======== Available records ========

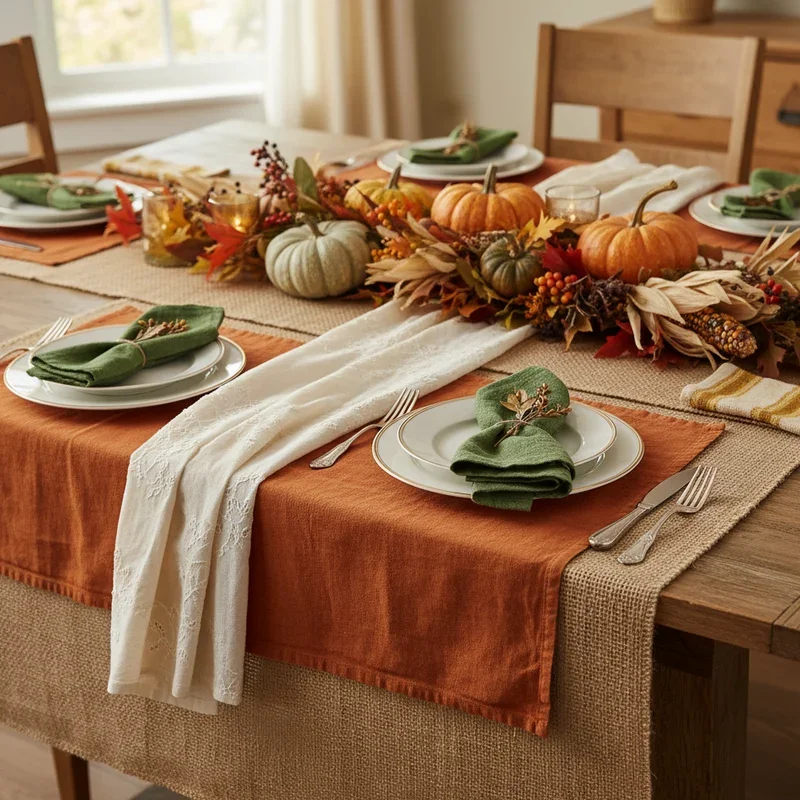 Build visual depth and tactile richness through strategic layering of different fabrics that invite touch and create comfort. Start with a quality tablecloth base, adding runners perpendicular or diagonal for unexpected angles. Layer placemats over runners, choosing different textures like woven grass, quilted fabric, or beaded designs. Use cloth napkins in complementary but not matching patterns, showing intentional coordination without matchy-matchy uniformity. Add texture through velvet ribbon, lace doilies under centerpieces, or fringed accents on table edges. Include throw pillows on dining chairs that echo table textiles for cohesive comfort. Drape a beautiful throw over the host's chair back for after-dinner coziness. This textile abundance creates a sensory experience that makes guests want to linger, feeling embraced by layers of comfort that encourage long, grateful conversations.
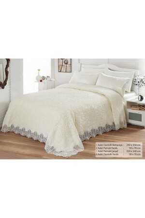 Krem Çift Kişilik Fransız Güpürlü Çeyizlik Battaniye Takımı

========
======== Available records ========

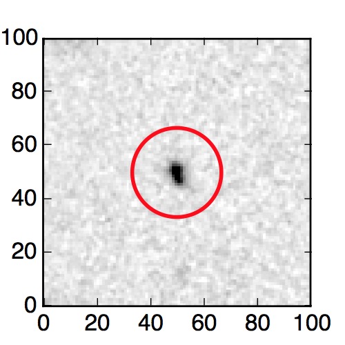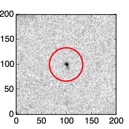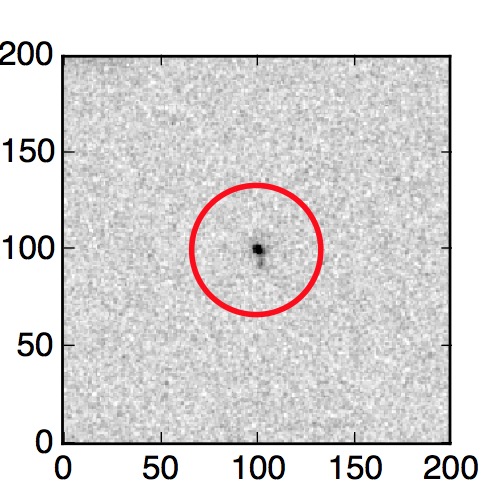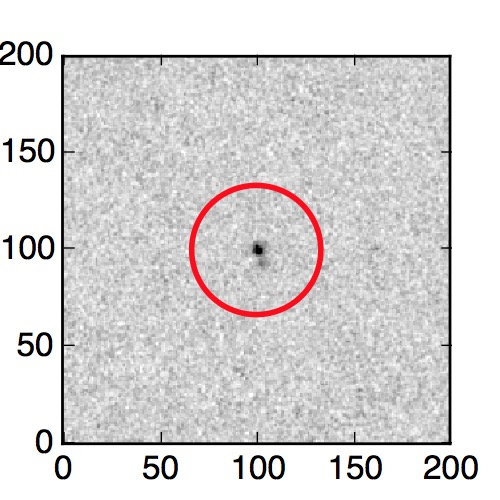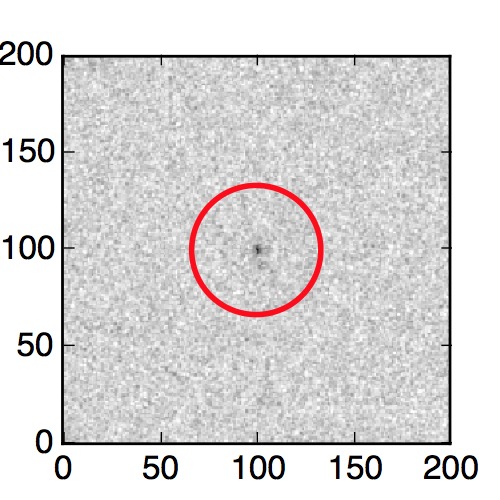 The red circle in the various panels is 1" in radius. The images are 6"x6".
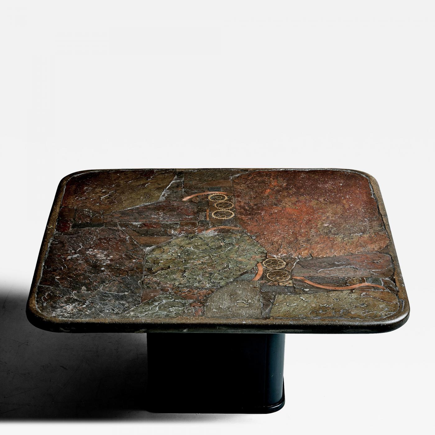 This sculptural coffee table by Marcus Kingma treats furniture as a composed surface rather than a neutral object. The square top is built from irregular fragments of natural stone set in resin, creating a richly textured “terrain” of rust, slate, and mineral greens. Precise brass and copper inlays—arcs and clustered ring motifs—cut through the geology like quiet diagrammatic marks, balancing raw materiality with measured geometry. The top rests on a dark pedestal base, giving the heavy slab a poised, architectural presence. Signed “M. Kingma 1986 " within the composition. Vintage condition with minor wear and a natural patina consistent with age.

========
======== Available records ========

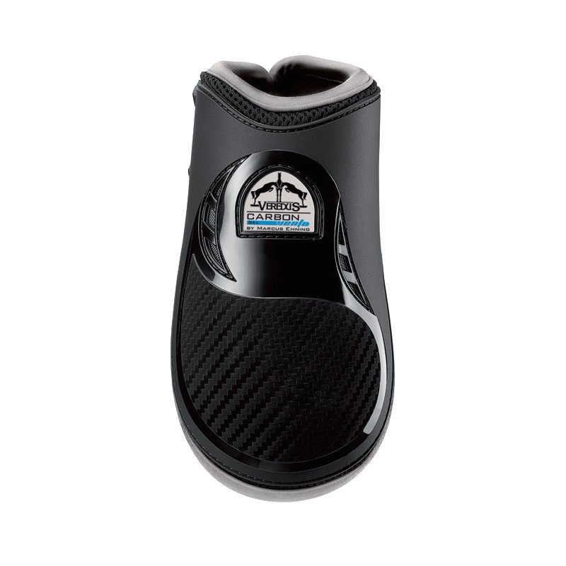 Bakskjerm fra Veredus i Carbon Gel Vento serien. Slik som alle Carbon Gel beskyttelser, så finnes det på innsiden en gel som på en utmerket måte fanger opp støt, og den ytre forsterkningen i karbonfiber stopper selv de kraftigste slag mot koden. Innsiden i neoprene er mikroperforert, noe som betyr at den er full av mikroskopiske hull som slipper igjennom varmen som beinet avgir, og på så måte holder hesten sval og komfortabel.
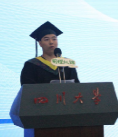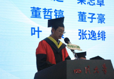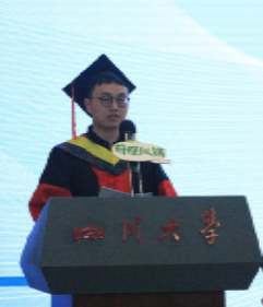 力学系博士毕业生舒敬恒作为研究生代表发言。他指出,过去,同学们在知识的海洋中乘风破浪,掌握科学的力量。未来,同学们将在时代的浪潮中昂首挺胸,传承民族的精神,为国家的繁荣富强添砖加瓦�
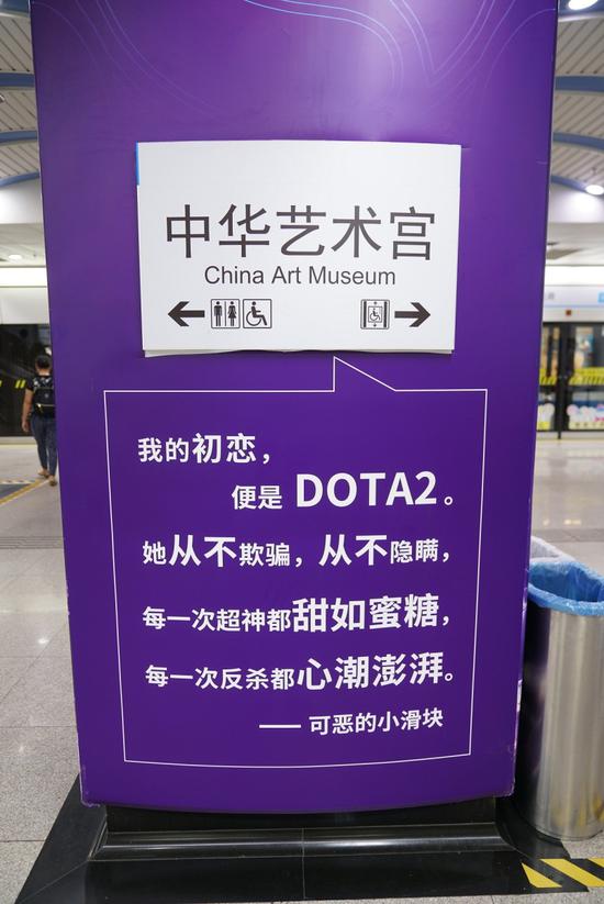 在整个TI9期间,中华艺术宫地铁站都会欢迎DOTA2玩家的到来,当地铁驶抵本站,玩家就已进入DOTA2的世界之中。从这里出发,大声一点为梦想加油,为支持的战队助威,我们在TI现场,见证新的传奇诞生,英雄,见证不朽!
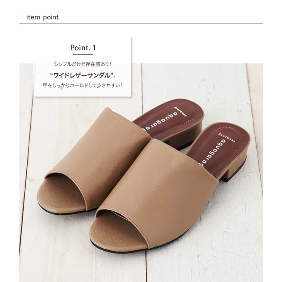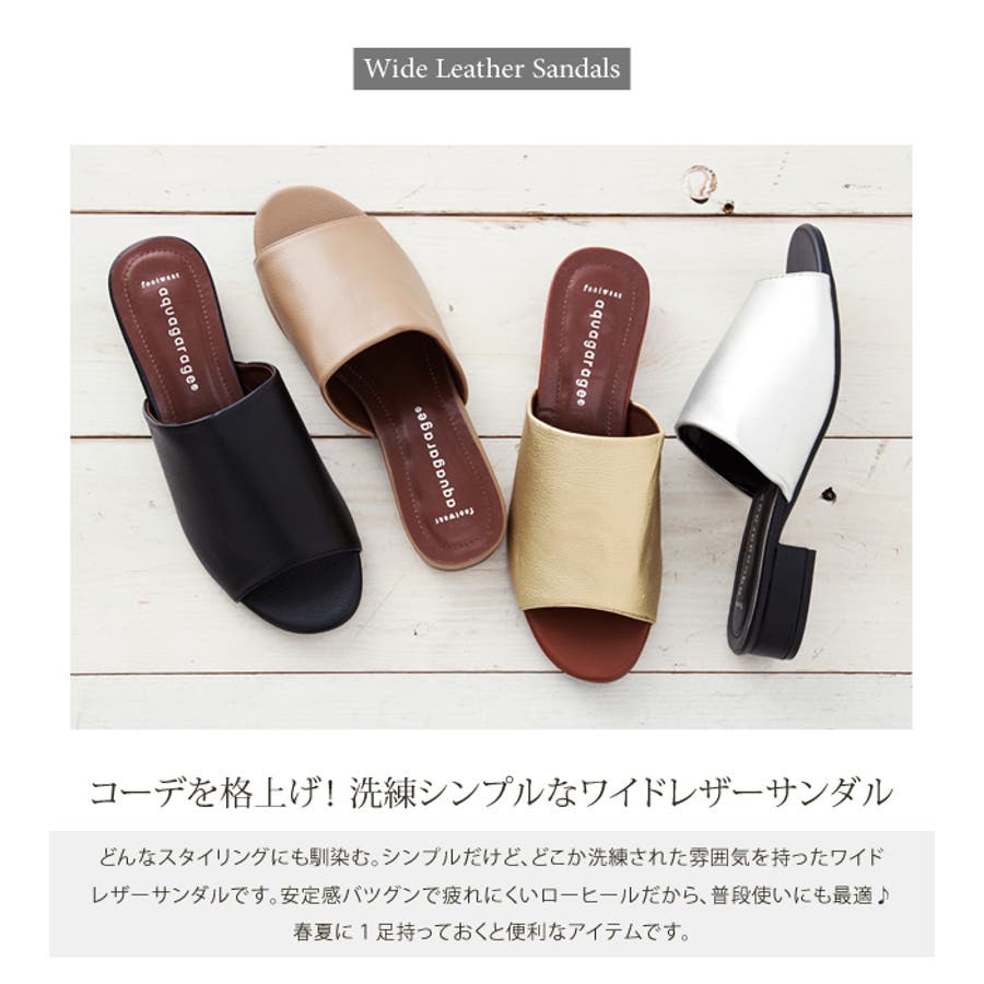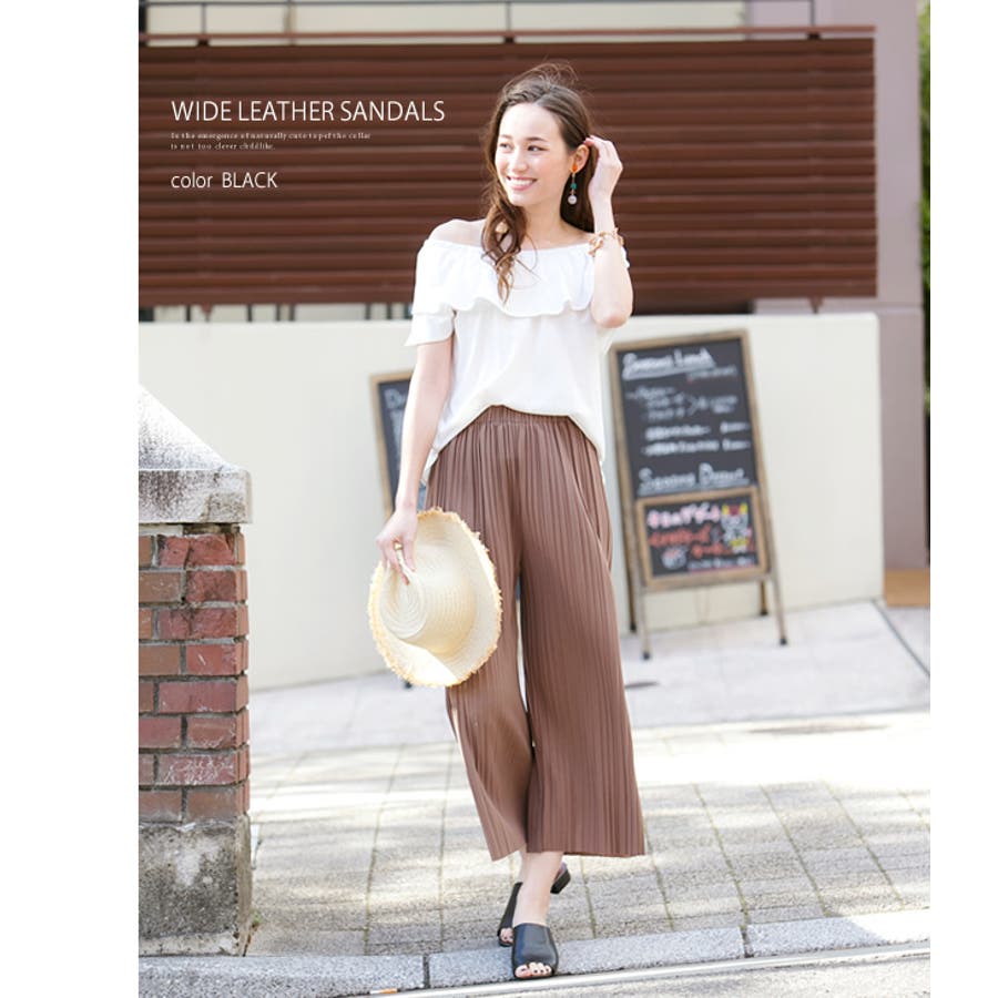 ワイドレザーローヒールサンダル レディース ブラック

========

> [Work instruction]: From the records above, copy exactly the lines starting at the one with "力学系博士毕业生舒敬恒作为研" and ending at the one with "ワイドレザーローヒールサンダル レディース ブラック", and no others. Pictures stay out.

> [Response to the task]:
 力学系博士毕业生舒敬恒作为研究生代表发言。他指出,过去,同学们在知识的海洋中乘风破浪,掌握科学的力量。未来,同学们将在时代的浪潮中昂首挺胸,传承民族的精神,为国家的繁荣富强添砖加瓦�
 在整个TI9期间,中华艺术宫地铁站都会欢迎DOTA2玩家的到来,当地铁驶抵本站,玩家就已进入DOTA2的世界之中。从这里出发,大声一点为梦想加油,为支持的战队助威,我们在TI现场,见证新的传奇诞生,英雄,见证不朽!
 ワイドレザーローヒールサンダル レディース ブラック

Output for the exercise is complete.